[Collected data entries]
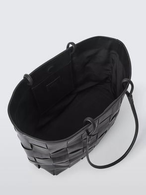 Leather strap tote bag.
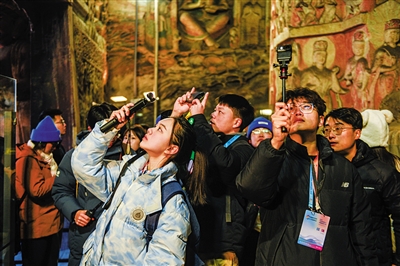 初冬的云冈石窟静谧而庄严,主播一行沿着依山开凿的洞窟缓缓前行,在讲解员的引导下,逐一参观各个洞窟中精美绝伦的造像艺术。面对宏伟的造像,众人无不叹服古代工匠的卓绝技艺。多位主播当即架起设备,通过短视频与实时镜头,将石窟的壮美同步传递给全国观众。
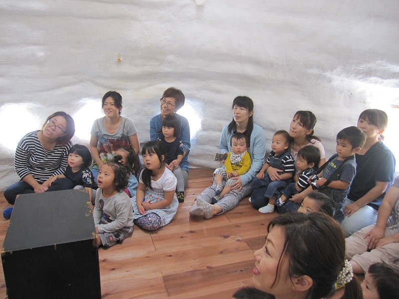 のどかな野原で親子でゆぅたりと過ごしました。ピザ作りは生地作りから焼くまでをお手伝いして、焼き立ての熱ーいピザを美味しく食べました。アースドームではナナ子さんによる人形劇を見せてもらい、本物みたいに動く人形に大喜びの子どもたちでした。 |
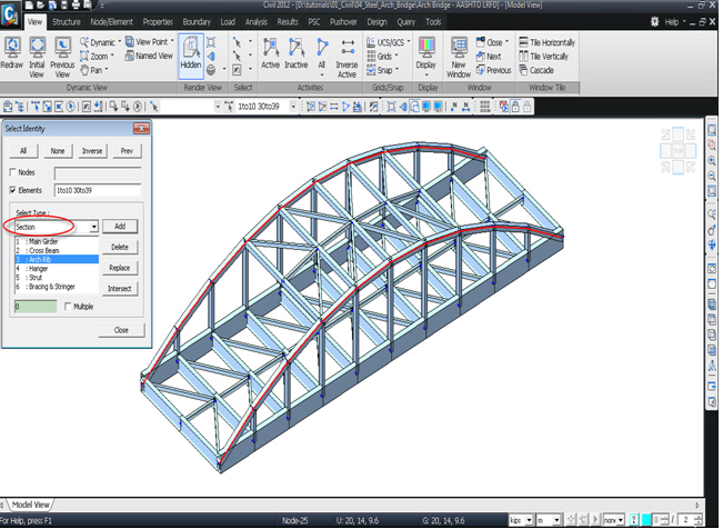 Select Identity-Section In the case of Element Type, Material, Section and Thickness noted above, assign the elements with desired attributes in the Working Window rather than selecting the desired entities in the attributes sub-list. When using the function, select a desired identity in the Identity list, click the entry field at the bottom of the sub-list and assign the entities of desired attributes in the Working Window. Check ( Use the following buttons to add, remove or replace selected entities. Add: Add the selected entities to the existing selection list. Delete: Remove the selected entities from the existing selection list. Replace: Substitute the selected entities for the registered contents in the existing selection list. Intersect: Select only the nodes or elements satisfying the multi-select entity conditions from the existing selection list. (ex.: beam elements at 10th floor)
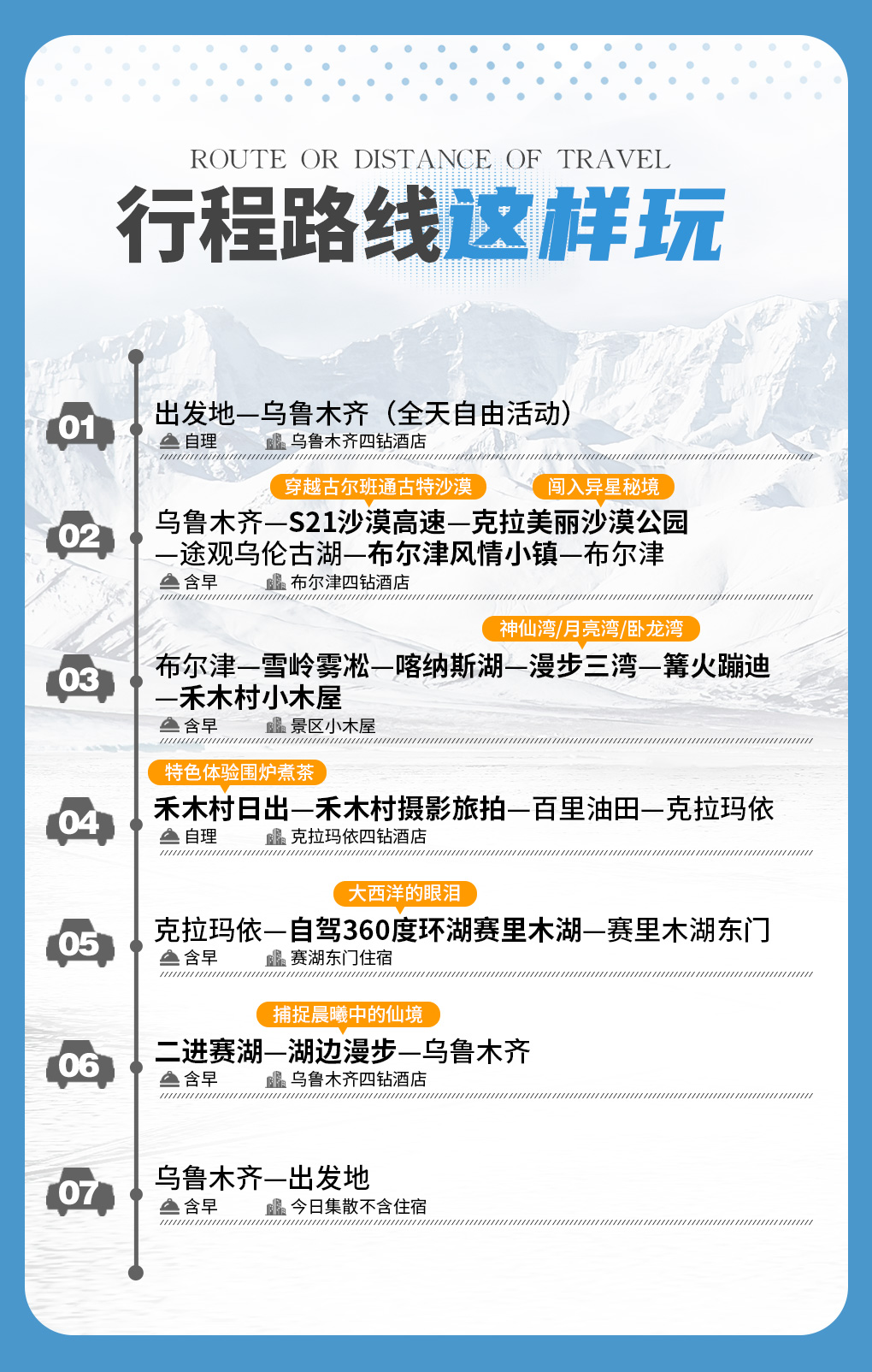 乌鲁木齐-S21沙漠高速-克拉美丽沙漠公园-途观乌伦古湖-布尔津风情小镇-布尔津【四钻】
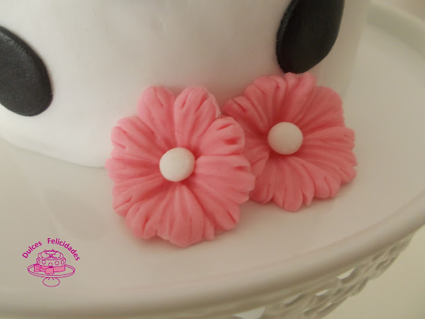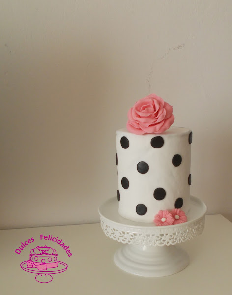 Preparé un poco de atrezzo para el vídeo, entre el que se incluía esta tarta de dos pisos. En primer lugar preparé el piso superior (de lunares), aunque finalmente las flores que utilicé fueron otras.

> [How to complete this task]
If an entry holds a picture, leave the picture out and repeat the rest exactly.

> [Your solution]
 Leather strap tote bag.
 初冬的云冈石窟静谧而庄严,主播一行沿着依山开凿的洞窟缓缓前行,在讲解员的引导下,逐一参观各个洞窟中精美绝伦的造像艺术。面对宏伟的造像,众人无不叹服古代工匠的卓绝技艺。多位主播当即架起设备,通过短视频与实时镜头,将石窟的壮美同步传递给全国观众。
 のどかな野原で親子でゆぅたりと過ごしました。ピザ作りは生地作りから焼くまでをお手伝いして、焼き立ての熱ーいピザを美味しく食べました。アースドームではナナ子さんによる人形劇を見せてもらい、本物みたいに動く人形に大喜びの子どもたちでした。 |
 Select Identity-Section In the case of Element Type, Material, Section and Thickness noted above, assign the elements with desired attributes in the Working Window rather than selecting the desired entities in the attributes sub-list. When using the function, select a desired identity in the Identity list, click the entry field at the bottom of the sub-list and assign the entities of desired attributes in the Working Window. Check ( Use the following buttons to add, remove or replace selected entities. Add: Add the selected entities to the existing selection list. Delete: Remove the selected entities from the existing selection list. Replace: Substitute the selected entities for the registered contents in the existing selection list. Intersect: Select only the nodes or elements satisfying the multi-select entity conditions from the existing selection list. (ex.: beam elements at 10th floor)
 乌鲁木齐-S21沙漠高速-克拉美丽沙漠公园-途观乌伦古湖-布尔津风情小镇-布尔津【四钻】
 Preparé un poco de atrezzo para el vídeo, entre el que se incluía esta tarta de dos pisos. En primer lugar preparé el piso superior (de lunares), aunque finalmente las flores que utilicé fueron otras.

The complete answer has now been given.